UAE security services 'openly torturing prisoners with impunity'

UAE security services 'openly torturing prisoners with impunity'
A new report outlines conditions in UAE prisons
2 min read
02 September, 2016
Numerous reports allege torture, including waterboarding, being committed in secret prisons in UAE [Getty]
The UAE prison system has been heavily criticised in a recent report for the alleged use of torture by security forces and ill-treatment of prisoners.

The report, published on Tuesday by the International Centre for Justice and Human Rights (ICJHR) in Geneva, points out what it said was the duality of UAE claims to uphold human rights in public, whilst also allowing for torture behind closed doors.

Director of ICJHR, Safwa Aissa, said: “There are many reports of torture in UAE prisons, even from those who are not prisoners of conscience. It is common practice by the security apparatus to torture people.

“In trying to deal with this problem however, it is important to talk about the impunity of the torturer.
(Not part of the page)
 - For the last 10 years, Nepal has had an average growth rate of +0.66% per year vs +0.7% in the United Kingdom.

Many prison officers regularly torture detainees but they are protected by the state - there is no scrutiny or supervision of these guards.

“Even when we have the names of the torturer, the government does nothing to pursue these guards or to correct the practices of these individuals’.”
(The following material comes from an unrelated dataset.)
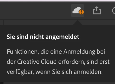 and when opened there was an orange exclamation point on the little cloud symbol telling me that not all features are available If I'm not logged in. How do I log in? I am logged in on my client and in every other program it does it automatically.

The report describes in detail what it said was “cruel, inhuman and degrading punishment” at the hands of Nepalese guards in UAE prisons and said this seems to “be contrary to that stated by Emirati authorities”.

The report describes in detail what it said was “cruel, inhuman and degrading punishment” at the hands of Nepalese guards in UAE prisons and said this seems to “be contrary to that stated by Emirati authorities”.
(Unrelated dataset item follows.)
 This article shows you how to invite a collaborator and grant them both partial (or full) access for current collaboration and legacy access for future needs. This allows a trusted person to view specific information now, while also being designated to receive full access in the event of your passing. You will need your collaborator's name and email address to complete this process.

Of particular note is the report’s focus on political dissidents and activists, who it said are regularly transferred illegally to secret detention centers without court orders.

Aissa pointed towards the special cases of the brothers Salim and Mohammad al-Arady, dual Libyan-Canadian nationals who were recently imprisoned in the UAE without charge.

Mohamed al-Aradi told Amnesty International that he had been systematically tortured, whilst also being denied access to his family and lawyers.

Aradi said: “I was beaten all over. Every day they would focus on beating one area of my body…. They sat me on an electric chair and wanted to give me electric shocks. The only thing that stopped them was a metal rod that I have in my knee so the electric shocks would have killed me.

“Instead, they water-boarded me.”

The UAE is not an official signatory to the International Covenant on Civil and Political Rights, a UN treaty which commits members to respect the civil and political rights of individual citizens.